The investor enters into an agreement with the CFD provider to settle the difference between the opening price of the asset when the agreement is made and the price when the agreement ends
what is the key feature of CFDS?
they don’t have a set maturity and the contract specification ranges depending on buyer and seller
what are the benefits of CFD?
cost efficient, investor doesn’t have to pay stamp duty nor the brokers fee, allow investors who are bearish on a share to profit from a fall in the share price rather than going short
how are CFDs traded?
based on margin trading, investor can leverage their position- require a margin deposit of 10-30% of the contracts value, allows investors to increase their risk based on the size of their initial investment
what do many CFD contracts include?
include an automatic stop-loss order as part of the contract, which minimises the risk of a large loss
what is the difference between a CFD and a spread-bet?

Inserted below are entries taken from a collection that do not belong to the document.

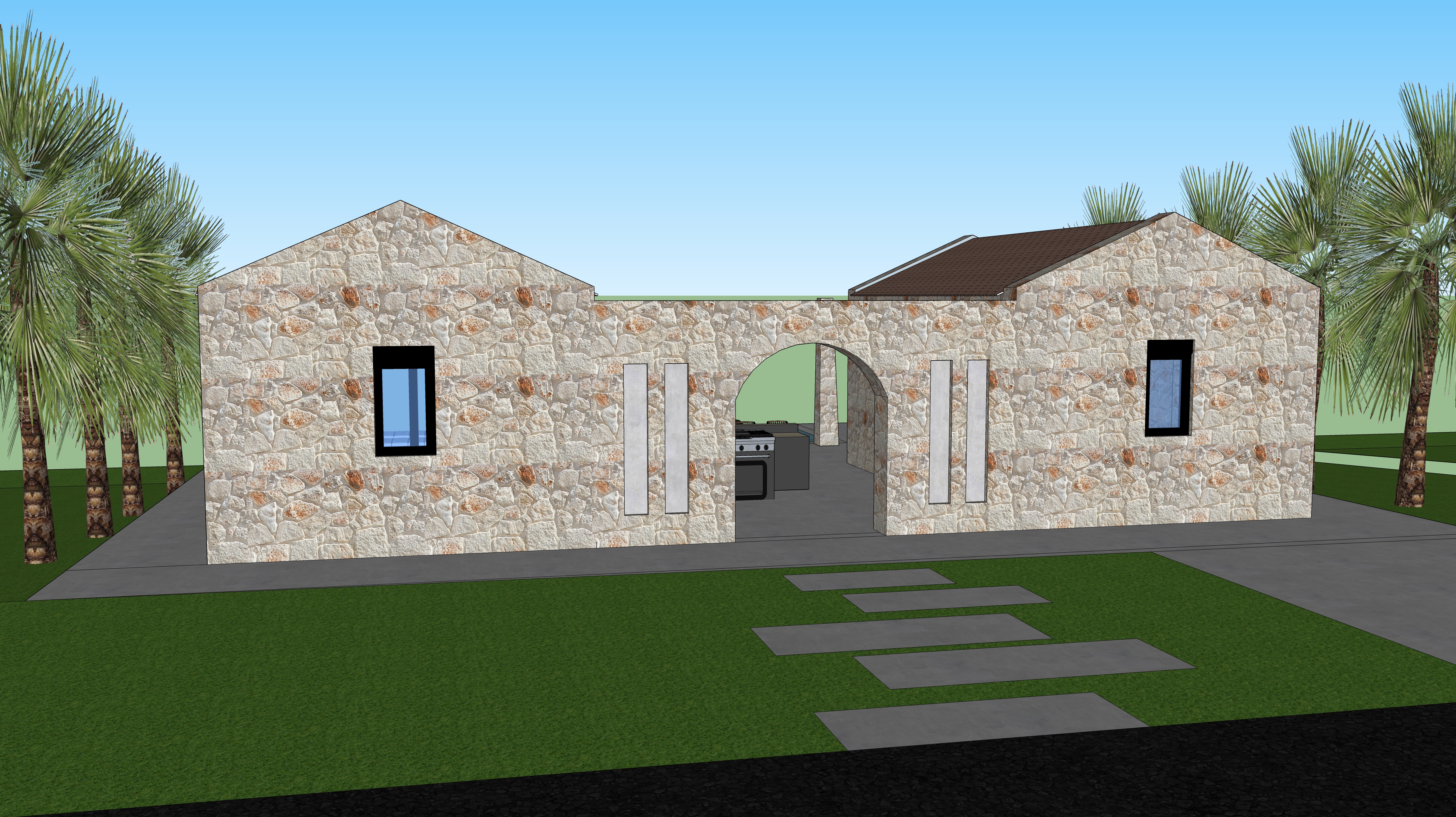 keep the stone pattern as shown in the photo add soft off white shades of micro cement on the tiles and the floor and use natural stone like in the photo for the surfaces where stone appears in front there are stone columns and a wooden pergola and even further in front there is a swimming pool add lighting on the building with various spotlights there is an olive tree area in front of the house
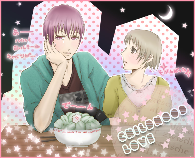リクエストがあったので描いてみました。お兄とほのかです。キャベツの下の麺にたどり着くまでに麺が延びてしまいそうです。「がんばれお兄。負けるなお兄。」とみんなでお兄を励ましてやりましょう。
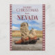 Este cartão-postal de férias apresenta uma espetacular fotografia ocidental com botas vestidas de cowboy a esportistas de um par de esporções de peso mexicano feitas por medida, completadas com letras "Yeeha" e correias de couro. O texto vermelho no topo diz "Feliz Natal de Nevada", com a NEVADA sendo feita de um padrão de xadrez de búfalo vermelho e preto. As botas estão sobre madeira em frente a uma nuvem azul cheia de céu ocidental. Uma borda vermelha e branca com flocos de neve faz o cartão festivo.
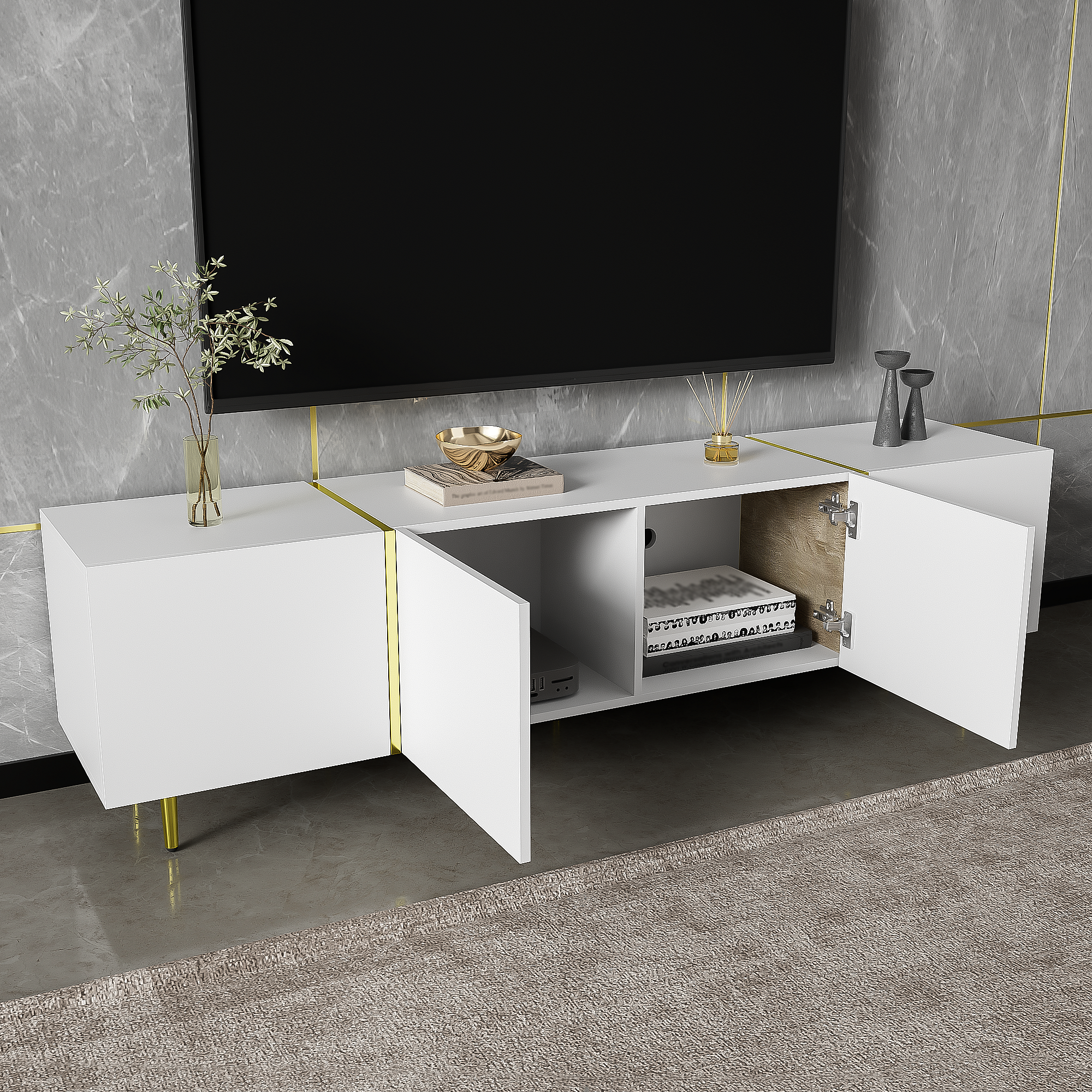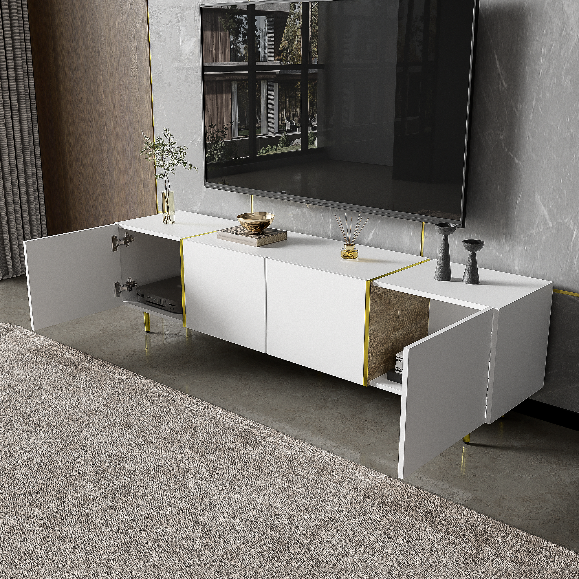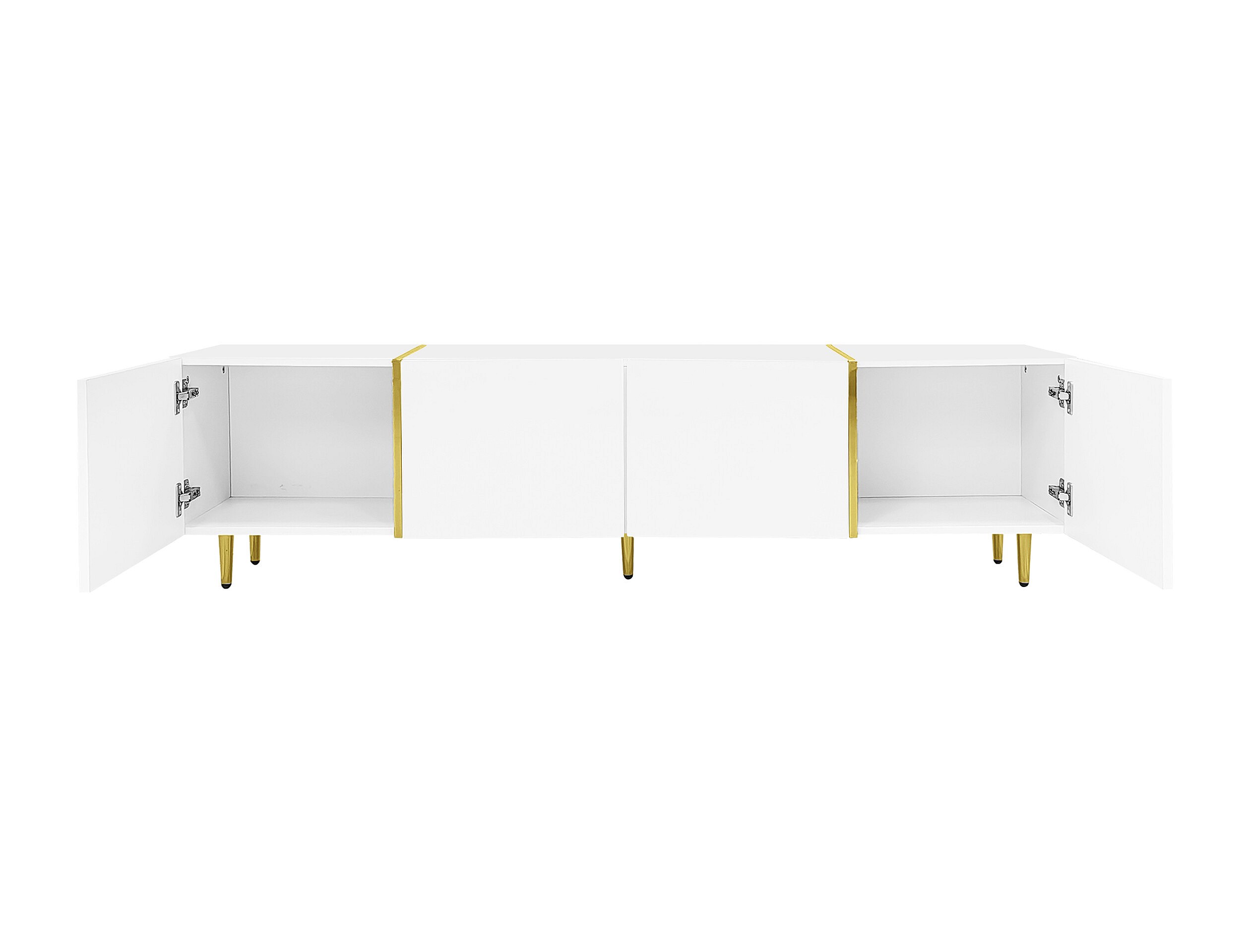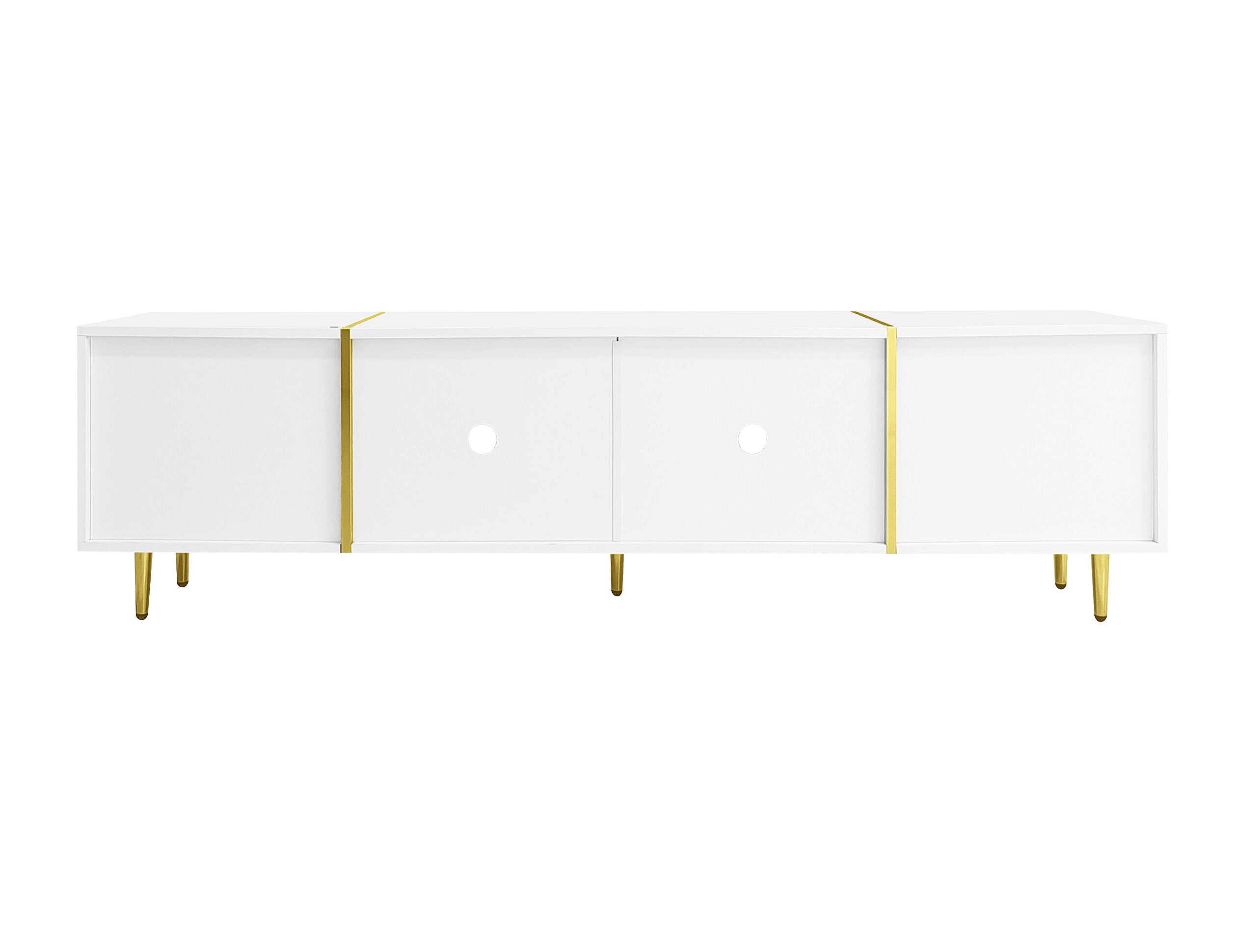 Mueble de TV blanco de 170 cm con patas doradas, 4 puertas, cristal curvo, moderno, para sala de estar.
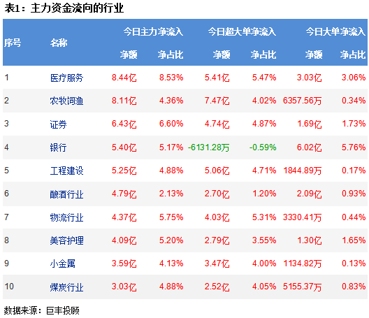 从两市行业板块资金流向来看,医疗服务板块获主力资金净流入8.44亿,农牧饲渔板块获主力资金净流入8.11亿,证券板块主力资金净流入6.43亿,银行板块主力资金净流入5.40亿,工程建设板块主力净流入5.25亿。
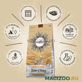 Сырая курица (20%), сырая индейка (16%), дегидратированный куриный белок (12%), дегидратированный белок индейки (10%), куриный жир, гидролизованные белки птицы (курица, индейка), гидролизованный рыбий белок (треска, пикша), рыбий жир (лососевый), спельта, бурый рис, ячмень, овес, просо, куриные потроха (печень, сердце, почки), куриные хрящи (источник глюкозамина и хондроитина сульфата), сухое яйцо (куриное), льняное семя, сухая свекольная пульпа, люцерновая мука, волокна гороха, сушеная клюква (0,5%), сушеная ацерола (0,5%), сушеная черника, сушеная спаржа, инулин цикория (0,4%), дрожжевой экстракт (источник маннанолигосахаридов) (0,3%), фруктоолигосахариды (0,3%), аскофиллум узловатый (Ascophyllum Nodosum), карбонат кальция, монокальцийфосфат, хлорид калия, хлорид натрия, сухие пивные дрожжи, алоэ вера, розмарин, куркума, календула, семена и шелуха подорожника, юкка Шидигера.
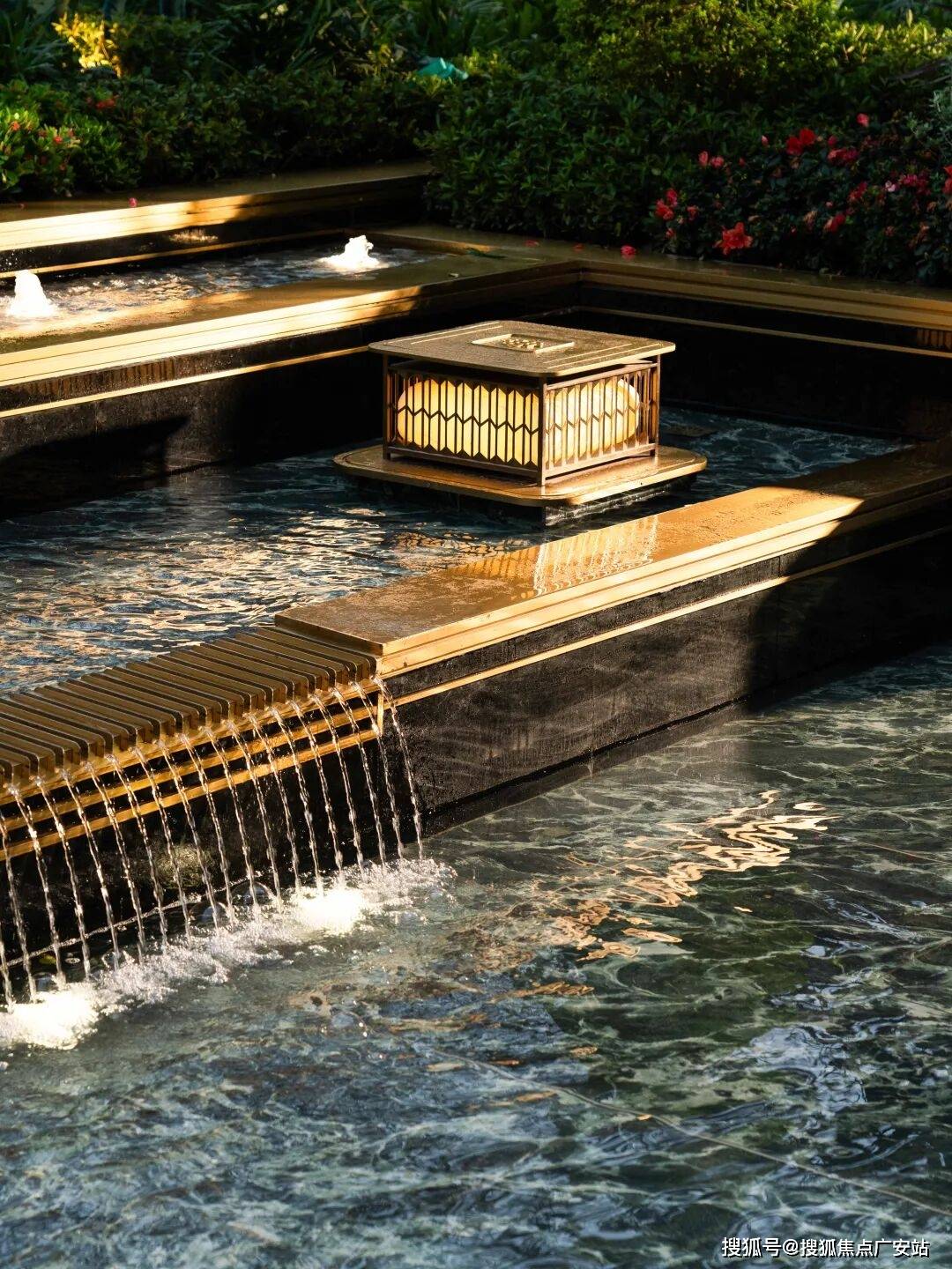 拼花工艺与香格里拉黑大理石大堂地面也采用金世纪水刀,园奢石布景墙辅以莫奈花,凡的心胸营造了非。

spread betting in the UK is considered gambling and is treated differently as far as tax. CFDs may charge a commission whilst brokers are compensated by spread bets through the price spread they quote
what is an option?
an option is a contract that gives the buyer the right, but not the obligation, to buy (call) or sell (put) a particular asset at a particular price, on or before a specified future date.
how are options derivatives of a derivative?
options on futures give the holder the right but not the obligation to call or put a specified futures contract, offered by all major derivatives exchanges
what is the strike price price in relation to an option?
price at which the option can be exercised
what is the settlement price in relation to an option?
the price that determines the pay-off when the option expires
what is the premium in relation to an option?
the cost of the option to the buyer, non-returnable and are paid by the option holder to the option writer
what is in/out/at the money in relation to an option?
the extent to which the options contract is in profit or loss, quoted as a difference between the strike price of the contract and the current price of the underlying
what is the intrinsic value of an option?
when an option is in the money
what is the extrinsic value of an option?
where option premiums differ from the option’s intrinsic value, the option has value that is being derived from factors other than just the price of the underlying asset
what is the time value of an option?
the extrinsic value that the market assigns to an option, given the probability that there may be an increase in the intrinsic value of the option.